Whether you’re thinking up a new open source project or building your product roadmap at work, there’s usually some period of time where you’re doing research. It may start with identifying a problem and then lead into a period of research into what solutions (if any) already exist, how they stack up, and what the broader market looks like.
At GitHub, we’re lucky to have an in-house team of researchers and analysts—and, partner with external academic researchers, too. Where our in-house team often tackles shorter duration studies where insights can quickly be reflected in our products, our academic partners typically conduct larger studies that often underscore key data points that inform our work and product strategy.
Today, we wanted to share three separate academic research studies that directly informed how we have built and evolved our community forum tool GitHub Discussions.
Originally the brainchild of our internal product teams, GitHub Discussions was designed to help developers and open source communities shift conversations without a clear, actionable outcome from GitHub Issues to a more open-ended community forum tool—right in GitHub.
Developers and open source maintainers on GitHub told us that issues were becoming a catch-all for conversations, and it was making it difficult to get work done especially as teams and communities continued to grow. We also knew (through our own research) that context switching between forum tools, chat applications, and GitHub was making it harder to get work done and more difficult to centralize OSS communities in one place.
With that, we shipped a beta of GitHub Discussions in 2020 as a way to continue testing our hypotheses on a larger scale.
While that was happening, a research team led by Dr. Hideaki Hata, an associate professor on the Faculty of Engineering at Shinshu University in Japan, reached out to us about conducting a study of GitHub Discussions early adopters.
Dr. Hata had previously done research on GitHub before around the GitHub Sponsors program and the intersection between academic papers and GitHub, among other things. But this new study was focused on determining if our initial hypotheses around GitHub Discussions were right (that is, it would create a better place for community conversations).
In the course of his study, Dr. Hata found that GitHub Discussions did make it simpler to separate community conversations from work in Issues. He and his team also found GitHub Discussions weren’t just a place for conversations, but a place where communities and teams would plan upcoming work—and that produced a positive result on community productivity rates.
A big reason we built GitHub Discussions was to make life easier for maintainers—both in engaging and cultivating their communities directly on GitHub and separating out conversations from the daily work.
Early on, we tasked ourselves with building a community insights dashboard that would quickly surface community health metrics to maintainers. Our goal was to make it easier for maintainers to understand how active their communities are, and identify ways to attract, teach, and retain contributors.

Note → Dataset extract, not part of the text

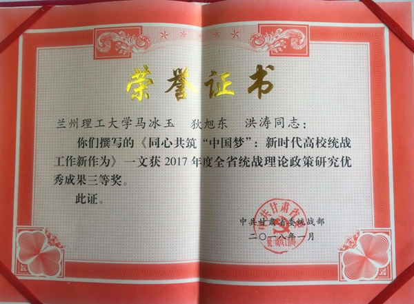 2018年1月31日,甘肃省统战部长会议在兰州召开。会议对2017年度全省统战理论政策研究优秀成果进行了通报表彰,全省共有5篇论文获一等奖,10篇论文获二等奖,15篇论文获三等奖,另有15篇论文获优秀奖。

Our research team conducted quantitative and qualitative research activities to understand what a maintainer would actually need to improve their workflows. The first version of our dashboard featured basic metrics—contribution activity, GitHub Discussions page views, daily contributors, and new contributors—that we thought everyone would need. This was a start, but we knew we needed more.
That quickly became apparent when we partnered with Dr. Denae Ford, a senior researcher at Microsoft Research, and Mariam Guizani, a computer science Ph.D. student at Oregon State University interning at Microsoft Research. Their goal was to determine what improvements would make it easier to “attract and retain [contributors and] newcomers” to open source projects. In a published academic paper, alongside researchers Tom Zimmermann and Anita Sarma, they highlighted a series of maintainer-tested recommendations and presented their findings at the 2022 International Conference on Software Engineering.
Guizani’s recommendations included design mockups of new dashboard features, including a graph showing new contributor activity, overall community activity rates, contributor retention trends, and ways for maintainers to quickly see and call attention to “rising contributors” who are active within an OSS project.
Early on, a handful of maintainers using GitHub Discussions told us they were overloaded by answering the same questions multiple times. For anyone who has used a community forum, duplicate content—or near-duplicate content—is a common experience.
But here’s the funny part: as our internal research teams sat down to conduct qualitative interviews with contributors, we didn’t hear this was a core problem for a majority of users. This could have been because of who we spoke to in our sample of contributors. We knew there were some issues with duplicate discussions, but based on our interviews we had no idea how big a problem they were.
And that’s part of the challenge about conducting qualitative research on a platform like GitHub with millions of developers. Not everyone has even close to the same experience, so even if a comparatively small group of people weren’t affected by a particular problem, well, it doesn’t mean there wasn’t a problem. We saw this up close when two academic researchers looked into the prevalence and impact of duplicate discussions among developers using GitHub Discussions.
In a large-scale study, Márcia Lima, a Brazilian Ph.D. candidate at Universidade Federal do Amazonas (UFAM) and faculty member at Universidade do Estado do Amazonas (UEA), and Dr. Igor Steinmacher, an Assistant Professor at Northern Arizona University, alongside Tayana Conte and Bruno Gadelha, proposed an approach based on a Sentence-BERT model to detect related, and even duplicate, discussion posts in OSS communities.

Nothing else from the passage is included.